A leading Zimbabwean human rights lawyer has spoken of her optimism that the rule of law will be established in her home country.

Beatrice Mtetwa, who was jailed for a week in March after demanding to see a search warrant when police raided the offices of the opposition party, sounded a hopeful note when she addressed delegates at this week’s International Bar Association conference in Boston.

Mtetwa defends journalists and political opponents of the Mugabe government and has been subjected to physical abuse several times in her 20-year career.

But she said she would not give up her fight to ensure personal freedoms and the rule of law in Zimbabwe.

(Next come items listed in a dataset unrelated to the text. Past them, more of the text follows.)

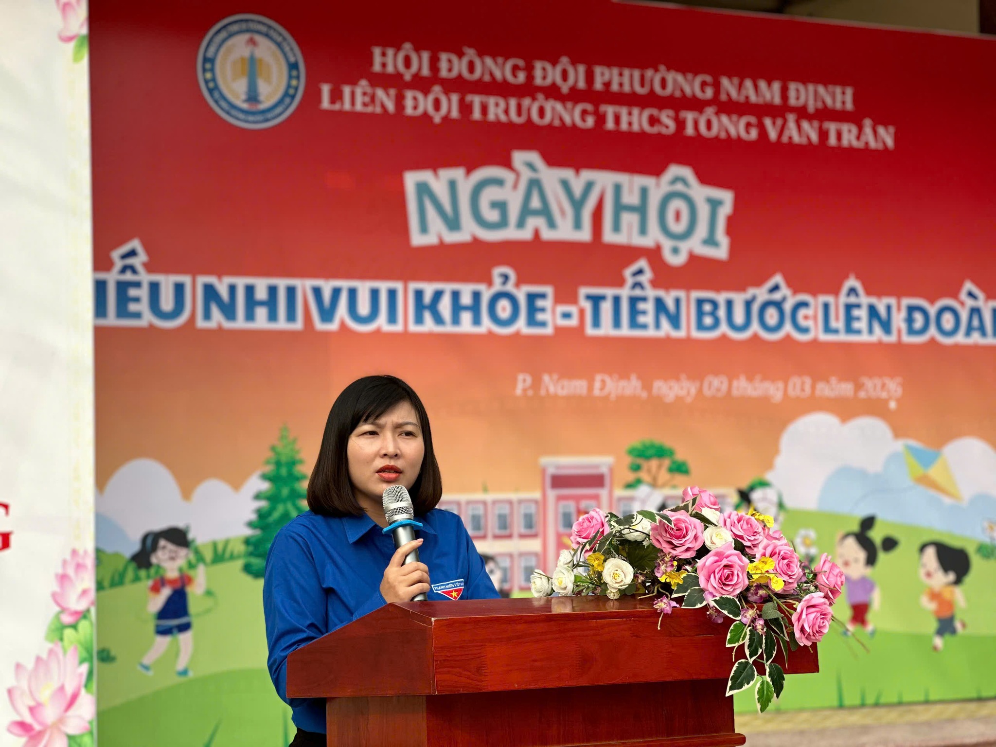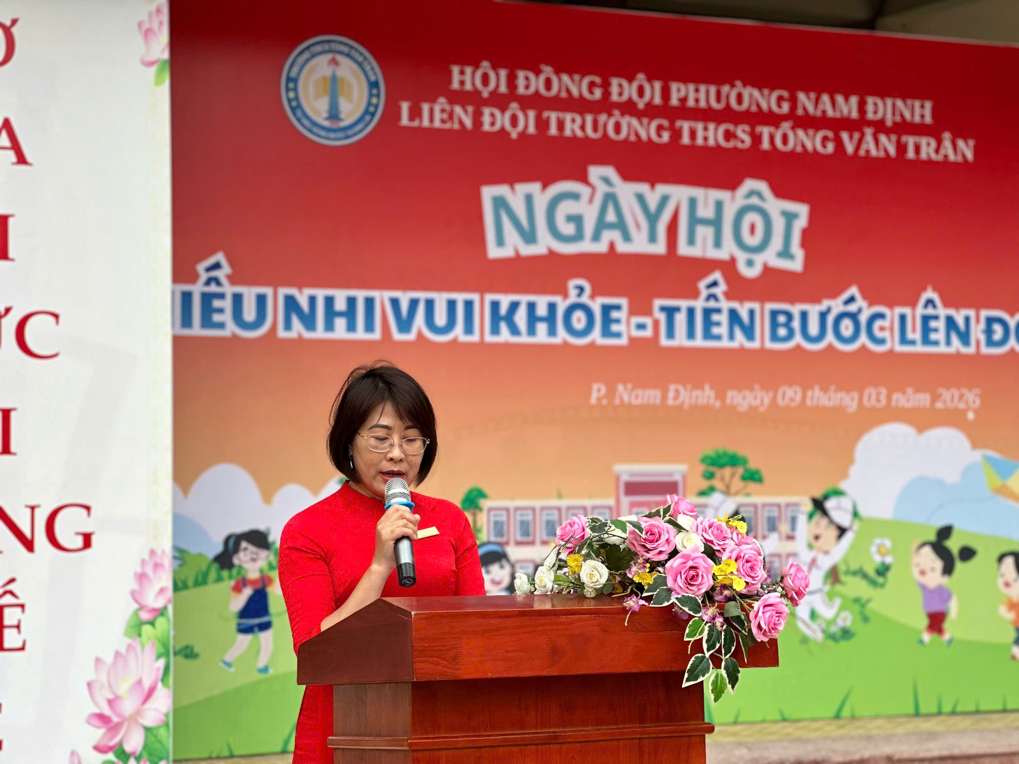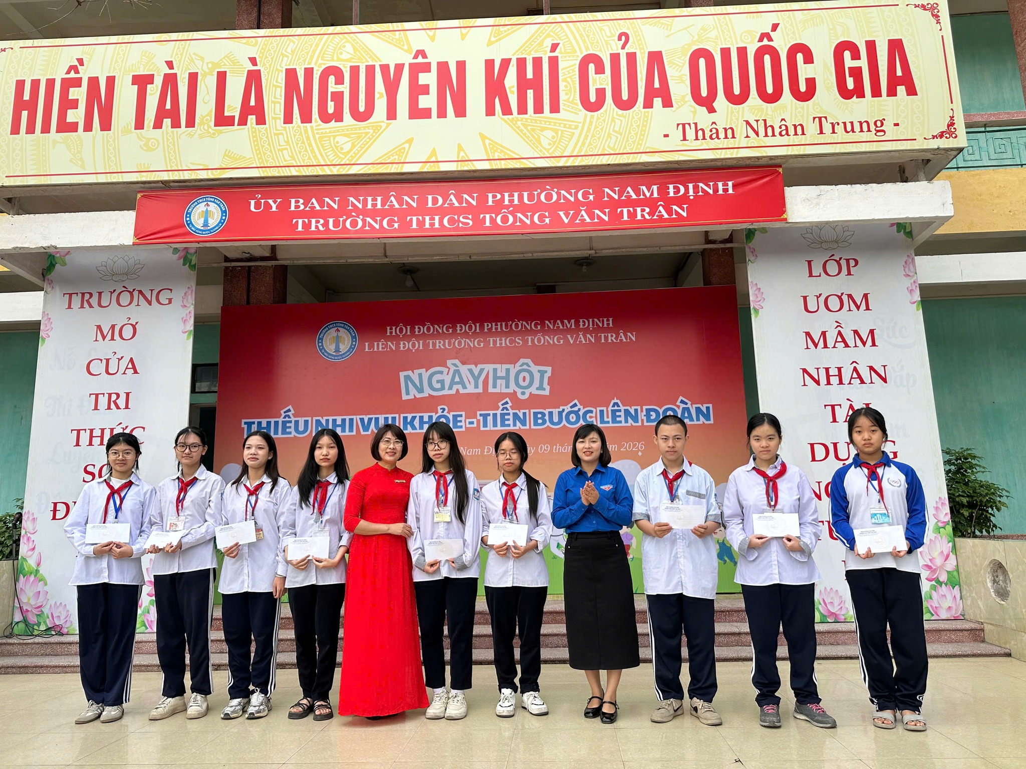 Thực hiện Kế hoạch của Đoàn phường Nam Định và kế hoạch năm học của nhà trường, Trường THCS Tống Văn Trân đã tổ chức thành công Ngày hội “Thiếu nhi vui khỏe – Tiến bước lên Đoàn” vào lúc 7h30 ngày 09/3/2026 tại điểm cấp phường.
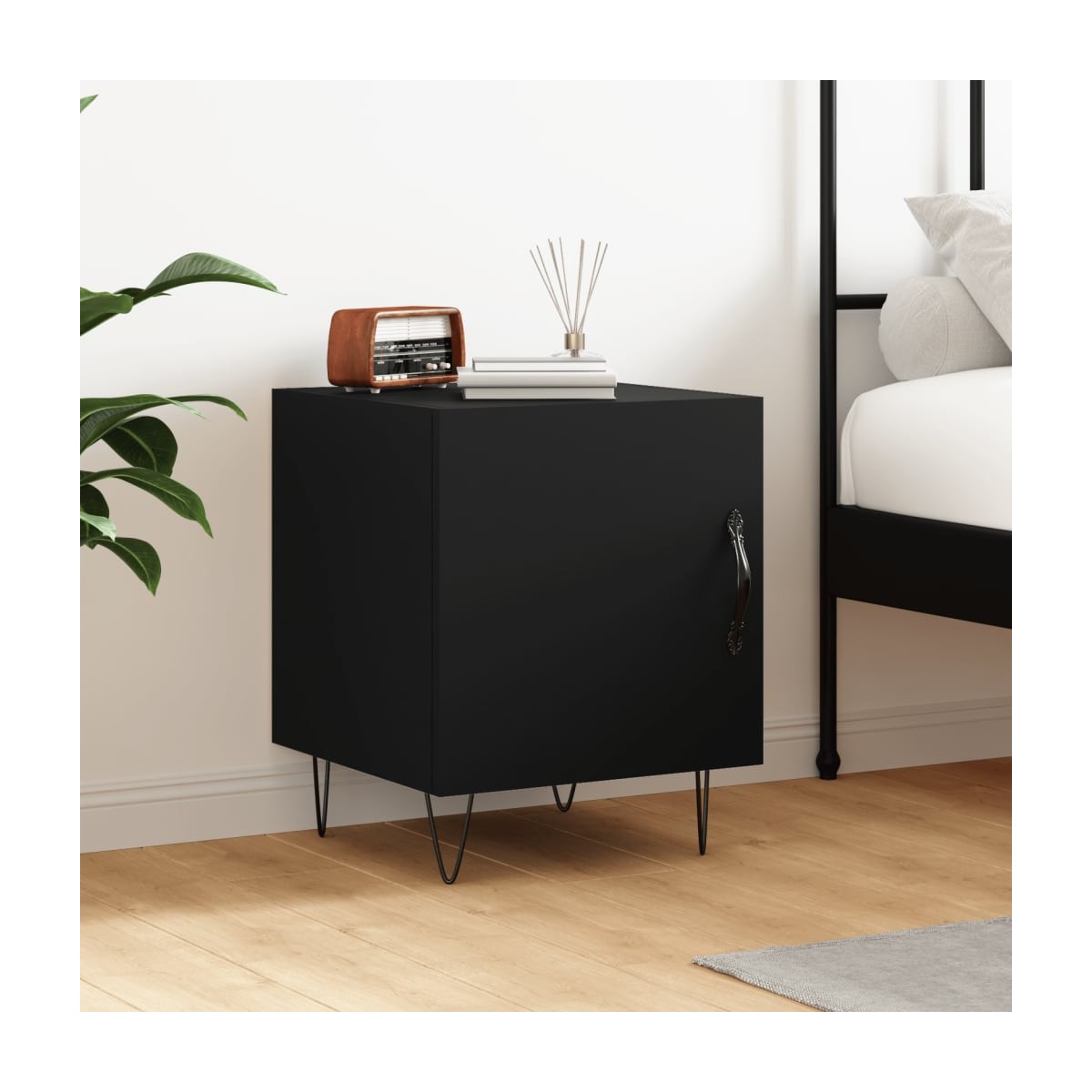 ¡Da un toque de encanto moderno a la casa con esta mesita de noche! Material duradero: La madera contrachapada tiene una calidad excepcional, con una superficie lisa y también cuenta con fuerza, estabilidad y resistencia a la humedad. Amplio espacio de almacenaje: La mesita de noche tiene un compartimento, por lo que ofrece un amplio espacio de almacenaje para mantener al alcance libros, aparatos multimedia y otros objetos.Función expositora: También puedes colocar tus fotos favoritas, adornos o flores en la superficie de esta mesita auxiliar para alegrarte la vida. Patas de metal: Las patas metálicas añaden un estilo tranquilo a la casa a la vez que garantizan la estabilidad.Práctica puerta: Mantén tus cosas libres de polvo ocultándolas detrás de la puerta. Advertencia: Para evitar que vuelque, este producto debe usarse con el dispositivo de fijación a la pared incluido.
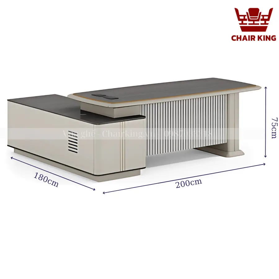 Bàn chủ tịch Chairking có màu sắc nổi bật, dễ dàng kết hợp với các không gian nội thất khác nhau, từ cổ điển đến hiện đại. Bên cạnh đó với sự đa dạng kích thước quý khách hàng dễ dàng chọn lựa được sản phẩm phù hợp với diện tích, môi trường làm việc của mình.

Mtetwa: 'I am very optimistic there will be the rule of law established in Zimbabwe in my lifetime. If you look at where there has been repression it has resulted in change which is usually positive. If I didn’t think that things will change then I wouldn’t do this job.

'Vigilance at all levels is crucial. In Zimbabwe people could see things were not going right. It started with the small things which people didn’t do anything about. However small an issue is, as lawyers where we see compromises in the rule of law we ought to challenge it from the beginning and not wait until things have fallen apart.’

Mtetwa is the subject of a documentary film which opens in the UK this year charting her life as a lawyer and meeting some of the people she has helped. The film repeats the assertion that no one responsible for violence against opposition members has been prosecuted, and Mtetwa said it is essential that those responsible are brought to justice.

’There has to be naming and shaming of those responsible for violence,' she said. 'We know who did what to whom. Unfortunately because of political will nothing has been done. There is talk of an amnesty and a whole lot of perpetrators have got away with murder so to speak. This means it will just go on and on.’

Asked by an audience member whether being a woman has made her work harder, she added: 'If anything it has been easier, as I haven’t been beaten as badly as if I were a man. When I was being beaten in 2003 one of the guards said they should stop because I was a woman.’